王の舞の「舞」の説明

装束は、頭部には鳥(鳳凰)を模した冠(鳥甲)を被り、顔面に鼻高面(天狗面)を付けます。 そして、赤い着物に角帯、着物下には伊達下げと称している前垂れを付けます。後腰には守り刀と扇子、 腰帯の左側に新しい白紙をはさみます。手には白手甲をつけ白足袋を履き履物はありません。
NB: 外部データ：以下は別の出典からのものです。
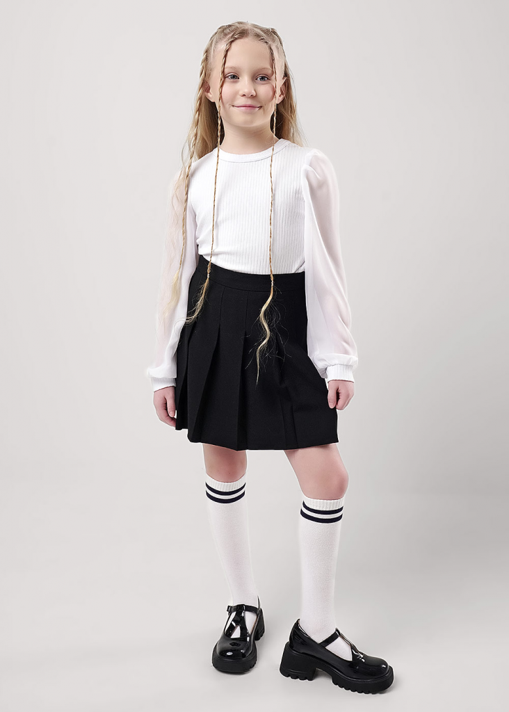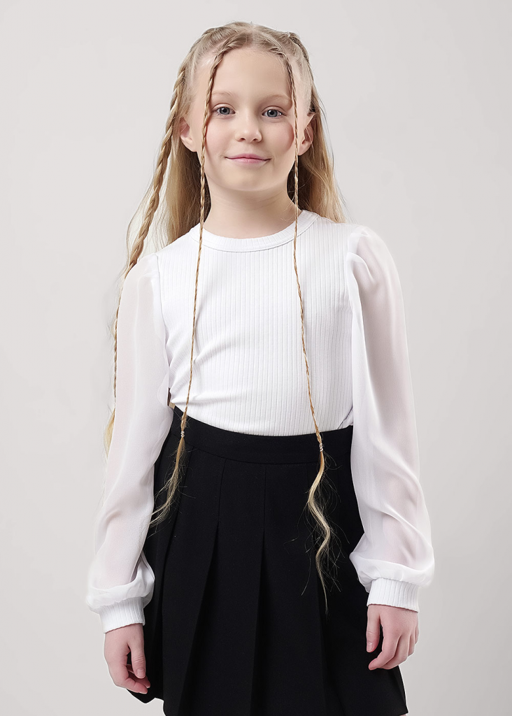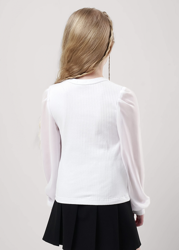 Стильная блузка с пышными шифоновыми рукавами станет отличным дополнением к вашему гардеробу! Модель выполнена из лапши. Блузка отлично подойдет для создания повседневных и школьных образов!

そして鉾を持って舞い始めます。

舞は、清義社及び保存会の会員によって奏じられる、笛と太鼓の囃子に合わせて行われます。 鉾を持って拝むところから始まり、種蒔き→地回り→犁(すき)を起こす動作→鉾返し、(再び)種蒔き→地回り→犁を起こす動作を繰り返します。 鉾を離してから肩のしょう→腰のしょうと続きます。 舞の解説をした古文書は残ってはいませんが、農耕の所作もあり、大地を切り開く(開墾)と取れる所作、地の悪霊を鎮めるかのように 解釈出来るところもありますが、五穀豊穣を祈願するとされています。

動作は、激しい動きはなく、演ずる時間は約50分です。 終始ゆるやかなため、一見楽そうに見えますが、筋力や柔軟性も要求されるため、舞人にとって体力の負担は大きいものがあります。 千葉大学の橋本教授は「抑制された優雅な演技が特徴で、過度に不自然な動作や姿勢を持続しながら、 流れるような曲線を緩やかに描き出している」という言葉で表現されています。

舞全体を通じて仰向き加減や、指の角度に至るまで細かい決めがある上に、体格の個人差から、 鉾の持ち方、足の巾の取り方、腕の角度などの違いが微妙に舞姿に影響します。舞が要求される美しさと優雅さを演出するために、 舞人はもちろん指導者にとっても、練習は大変な苦労があります。 尚、新聞等のニュースでは他の王の舞は「勇壮」と表現されるものもありますが、 彌美神社の王の舞はそれゆえ「優雅に」と表現するようにお願いしているところです。